> WORK ORDER: No picture belongs in the answer, which must hold exactly the lines from the one with "例如,假定我们有一个二元分布θ=(θ1,θ2)。首先用合适的值初始化采样器的" through the final line below.

> DATA SUPPLIED:
────────────────────
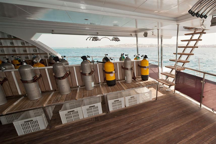 Engines: MAN of 1100 HP each Generators: Perkins: 2 X 150 KVA and 1 X 65 KVA Compressors: Bauer nitrox is available in 32% Zodiacs: 85 horsepower Yamaha Cabins - 8 cabins with twin beds and 5 cabins with double beds all with air conditioning Diving Equipment: 12L aluminum in Din or INT, 15L available on request Radar, GPS, radio, telephone, and satellite internet. Water maker Complete pharmacy, oxygen therapy, fife rafts
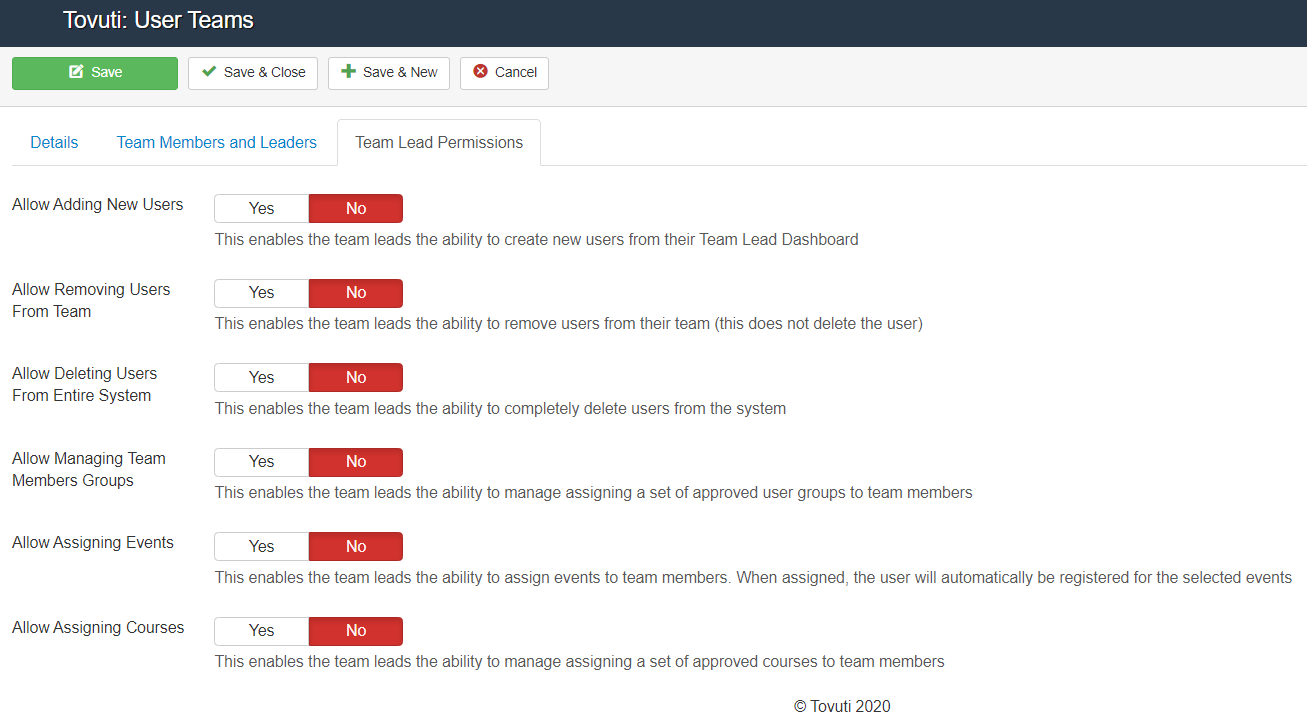 2. Go to the Team Lead Permissions Tab. Review the options available:
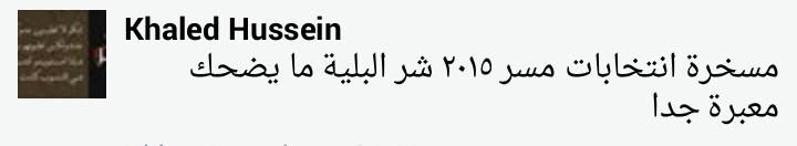 وعلق خالد حسين قائلا: “مسخرة انتخابات مسر 2015 شر البلية ما يضحك، معبرة جدا”.
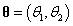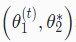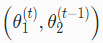 例如,假定我们有一个二元分布θ=(θ1,θ2)。首先用合适的值初始化采样器的
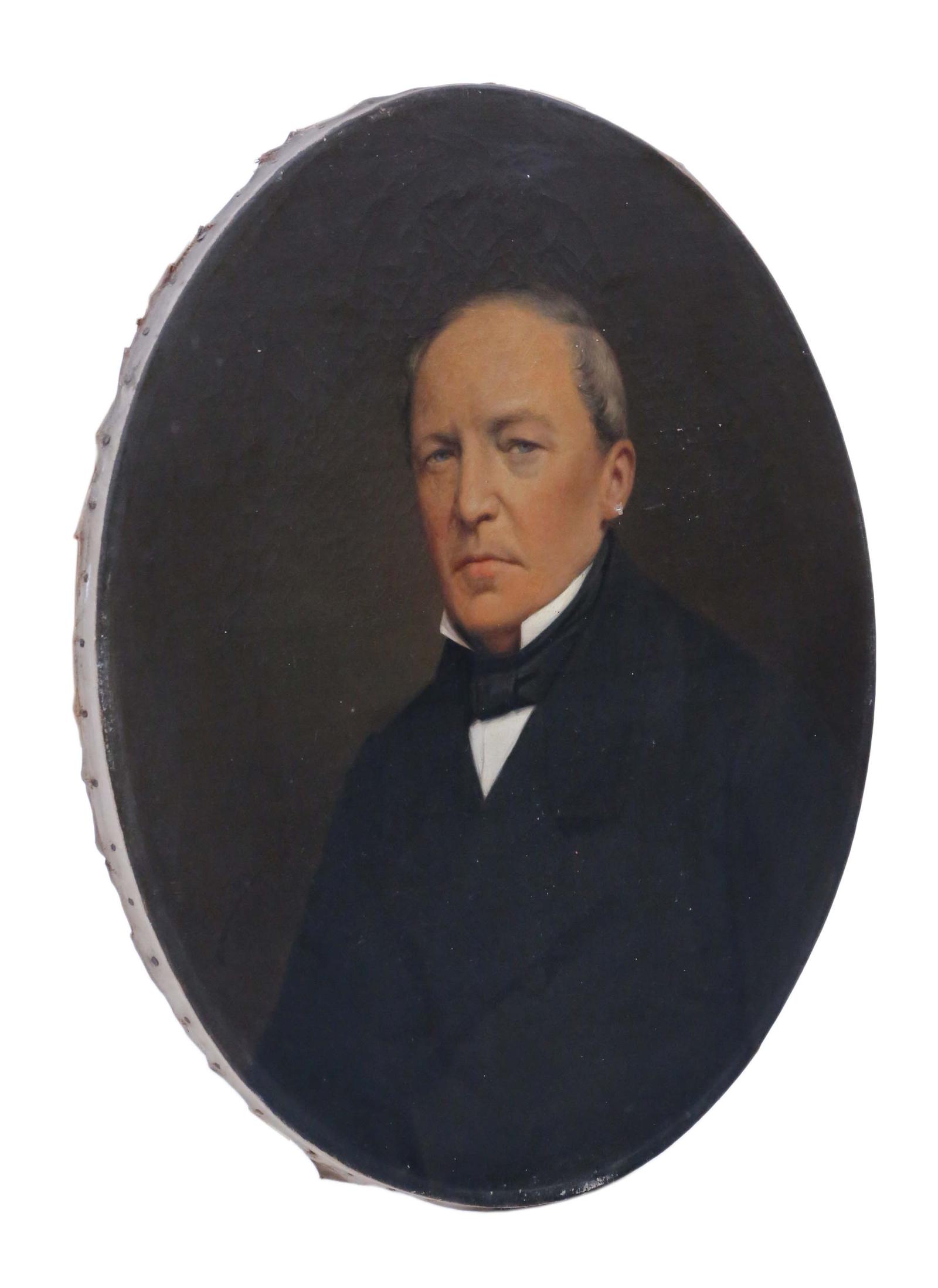 Quality Large Antique Oval Oil on Canvas Portrait Painting of a Gentleman 19th Century (1 of 4)
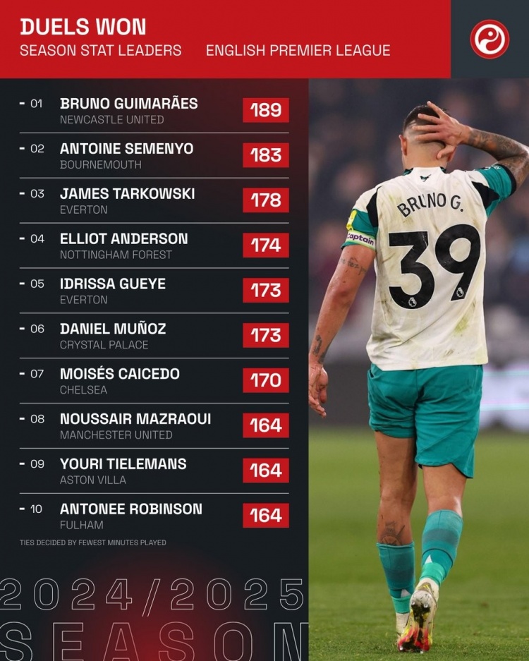 3月18日訊 國家隊(duì)比賽周到來,英超也暫時(shí)告一段落,squakwa統(tǒng)計(jì)了本賽季英超成功對抗情況,吉馬良斯居首。
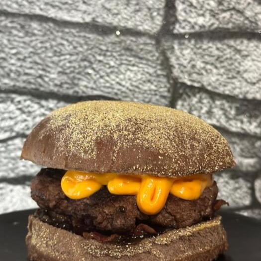 Pão de Brioche, Hamburguer 100gr, Cheddar, Bacon e Molho Barbecue.
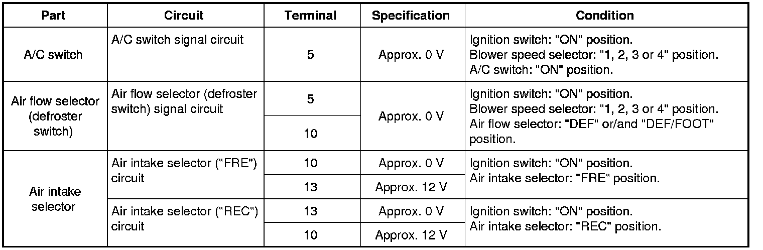A/C Switch, Air Flow Selector (Defroster Switch) and Air Intake Selector Inspection
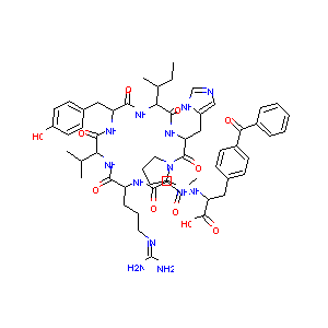 CCC(C)C(C(=O)NC(CC1=CN=CN1)C(=O)N2CCCC2C(=O)NC(CC3=CC=C<br />(C=C3)C(=O)C4=CC=CC=C4)C(=O)O)NC(=O)C(CC5=CC=C(C=C5)O)N<br />C(=O)C(C(C)C)NC(=O)C(CCCN=C(N)N)NC(=O)CNC
────────────────────
> RESULT:
 例如,假定我们有一个二元分布θ=(θ1,θ2)。首先用合适的值初始化采样器的
 Quality Large Antique Oval Oil on Canvas Portrait Painting of a Gentleman 19th Century (1 of 4)
 3月18日訊 國家隊(duì)比賽周到來,英超也暫時(shí)告一段落,squakwa統(tǒng)計(jì)了本賽季英超成功對抗情況,吉馬良斯居首。
 Pão de Brioche, Hamburguer 100gr, Cheddar, Bacon e Molho Barbecue.
A/C Switch, Air Flow Selector (Defroster Switch) and Air Intake Selector Inspection
 CCC(C)C(C(=O)NC(CC1=CN=CN1)C(=O)N2CCCC2C(=O)NC(CC3=CC=C<br />(C=C3)C(=O)C4=CC=CC=C4)C(=O)O)NC(=O)C(CC5=CC=C(C=C5)O)N<br />C(=O)C(C(C)C)NC(=O)C(CCCN=C(N)N)NC(=O)CNC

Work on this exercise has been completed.